Outlook: climate emergency

Key conclusions and recommendations


  • The UK is yet to develop a consistent approach to climate adaptation and mitigation through the planning system. Local authorities in England particularly are currently given significant autonomy in determining their own environmental policies. As a result, there is significant variation in requirements for carbon reduction and climate mitigation policy, with some local authorities yet to include it in local plans in any meaningful way.
  • In order to deliver a greater consistency of approach, a national or regionally prescribed policy for infrastructure provision and carbon emission reduction could be beneficial in line with the approach in Wales. Consistent policy across strategic planning areas will help ensure housing delivery continues to meet need while also driving a movement towards higher standards in environmental sustainability.
  • It is important that national planning policy sets a level playing field for the development industry as soon as possible. In the context that a significant number of local authorities have declared a climate emergency, planning guidance should provide clear policy on ensuring energy targets are achievable and not simply aspirations. It should highlight the need for policies to be supported by robust evidence of viability on the basis of an increasing level playing field in respect of benchmarked standards. This will reduce costs and ensure delivery of dwellings/other development is not compromised.
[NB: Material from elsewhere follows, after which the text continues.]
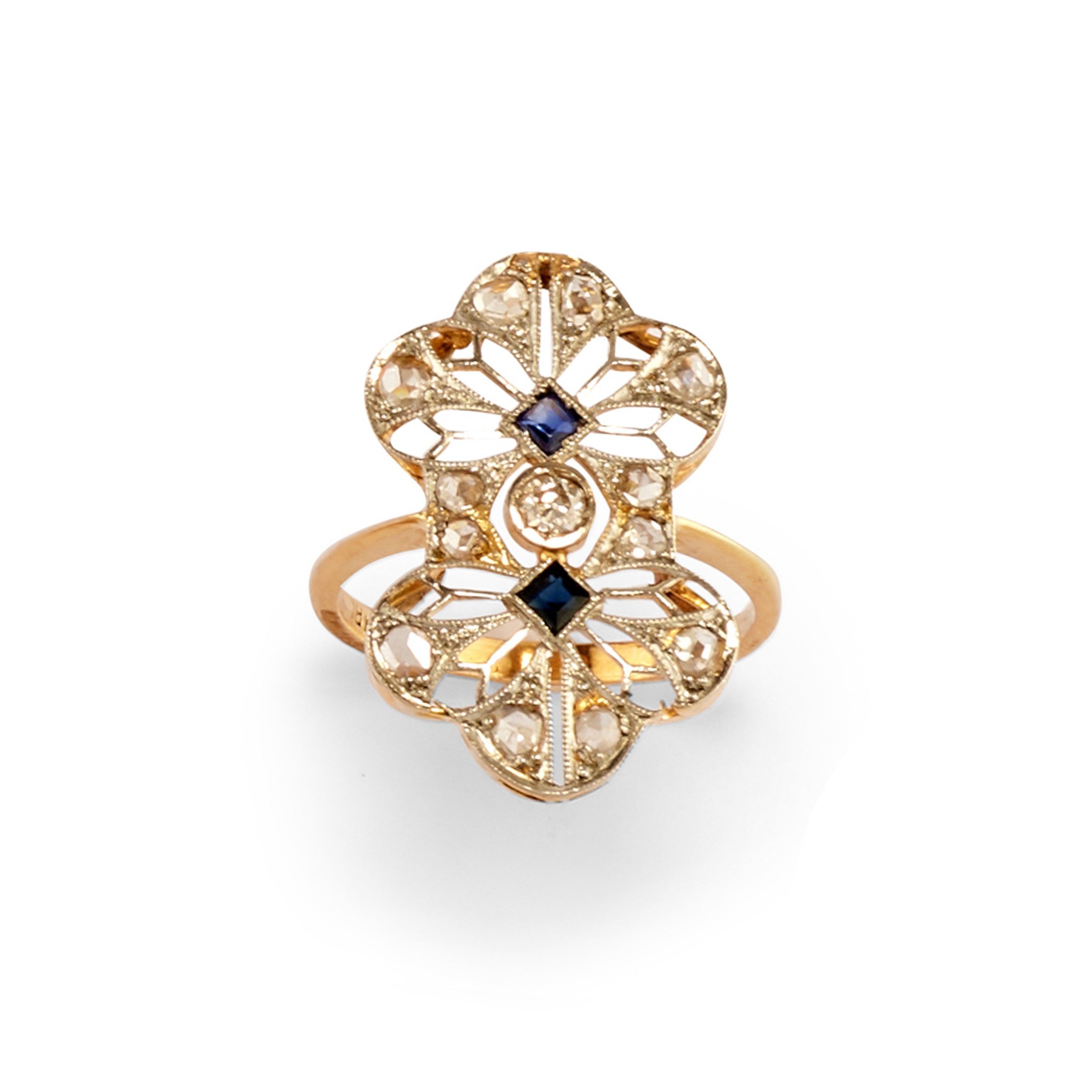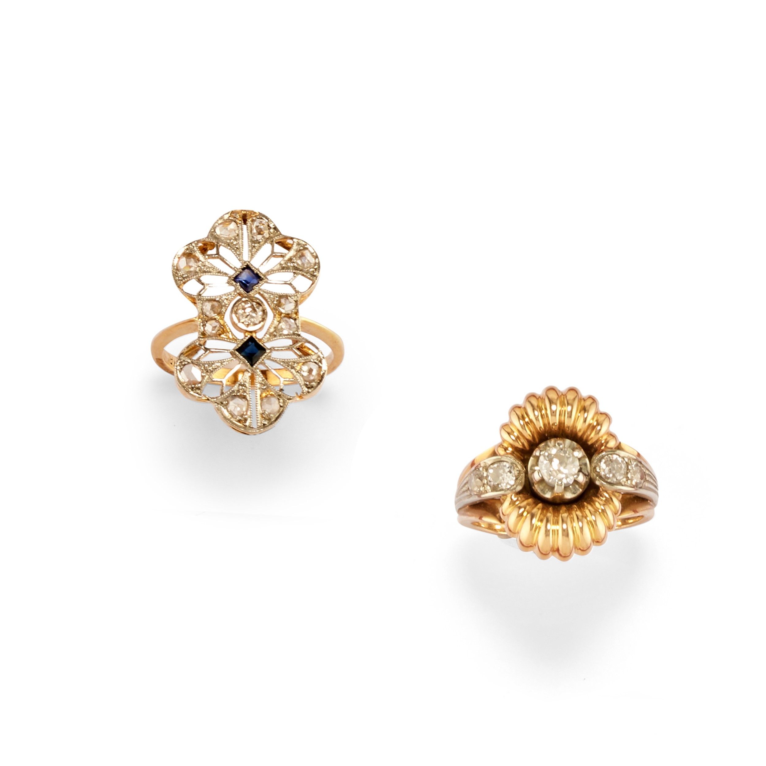 uno con sommità allungata e traforata trattenente diamanti taglio rosa e vecchio, zaffiri taglio carrè; uno anni '40 con sommità a conchiglia e al centro diamanti taglio vecchio.

  • New development should contribute positively to climate change objectives, and the planning system should encourage new development to not only enhance the natural environment, but also positively support the development of low carbon energy technologies and industries supporting a low or net zero carbon industry. The NPPF could do more to actively encourage this through the application of the presumption in favour, and in its approach to the development of renewables in the countryside. A positive rather than punitive approach like this should cause the least disruption as the industry adjusts to more climate-resilient models.
  • Wales could provide a useful model to follow. It includes guidance at a national level and sets a series of requirements, and outlines a broad spectrum of measures that will help to achieve them. The focus is on reducing impacts and emissions as well as increasing resilience and maximising environmental performance. This is already influencing emerging planning policy and decisions on which sites to allocate and which schemes to allow. The approach is likely to be strengthened with climate change driven from the centre of national and local government - and especially from the new Ministry of Climate Change.
  • Scotland’s position is to an extent in transition, whereby the much anticipated revised National Planning Framework (NPF4) will, upon adoption by Scottish Ministers in 2022, assume an enhanced status and weight within the planning policy hierarchy. The precursor Position Statement (November 2020) was clear that the Scottish Government’s intention is to rebalance the planning system so that climate change is a guiding principle for all plans and decisions, with a focus on actively encouraging all developments that help to reduce emissions and stimulating the green economy by facilitating innovation, greener design and place-based solutions. Twelve key points are identified by the Position Statement to implement this ‘rebalancing’ and achieve net zero emissions by 2045. These will be detailed in the forthcoming draft NPF4 and, subject to public consultation and Parliamentary scrutiny, will require the new generation of Local Development Plan policies to be in compliance with these strengthened environmental provisions.